Online communities offer no end of interesting linguistic and social material to study, from emojis and abbreviations to forms of address, themes, metaphors, and all sorts of interpersonal conversational dynamics. The volume of data available for research, and the many research tools available to students, are simply overwhelming. An Introduction to Text Mining is here to help. The book is organized to guide students through major ethical, philosophical, and logical issues that should be considered in the earliest stages of a research project (see Part I) and then to survey the landscape of text mining and text analysis tools and methodologies that have been developed across the social sciences and computational linguistics. Appendices A through G on data and software resources are a key to the book, and readers should consider reviewing these early and returning to them often as they work their way through the early chapters and begin to design their own research projects (see Chapter 5).
If you think of your text mining research project as a house, then the chapters in Part I are instructions for building the foundation.

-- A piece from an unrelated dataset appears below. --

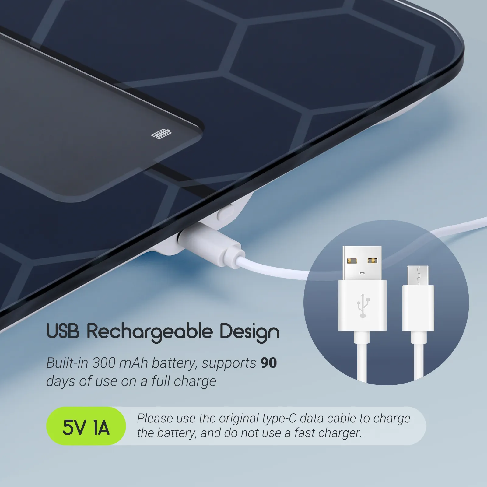 - 【จอแสดงผลขนาดใหญ่พิเศษและชาร์จซ้ำได้】: แตกต่างจากตาชั่งในห้องน้ำอื่นที่แสดงเฉพาะน้ำหนักหน้าจอ VA ที่มีสีสันขนาดใหญ่จะแสดงการวัด8คีย์ของคุณรวมถึงน้ำหนักไขมันในร่างกาย % BMI น้ำ % มวลกล้ามเนื้ออัตราการเต้นของหัวใจมวลกระดูกและประเภทของร่างกาย ช่วยคุณจะได้รับมุมมองที่ชัดเจนเกี่ยวกับตัวชี้วัดร่างกายที่จำเป็นของคุณได้อย่างรวดเร็ว ตาชั่งอัจฉริยะนี้สามารถชาร์จได้ผ่านสายเคเบิลชนิด C แบตเตอรี่ลิเธียมในตัวที่ทนทานสามารถถูกใช้ได้นานหลายปีและเป็นมิตรกับงบประมาณมาก

Just as a house with a flaw in its foundation will not last long, a research project with a shaky logical foundation or questionable ethics may look good at the start, but it is inevitable that at some point its flaws will be exposed. Chapter 5 on research design provides architectural instruction for building the framework of your house. Designing a research project that can address, and perhaps conclusively answer, a research question or questions is a challenging task, and it is useful to know the kinds of research designs that have a track record of success in research using text mining tools and methodologies. Parts III through V survey text mining and analysis methodologies, the equivalent of proven house-building methods.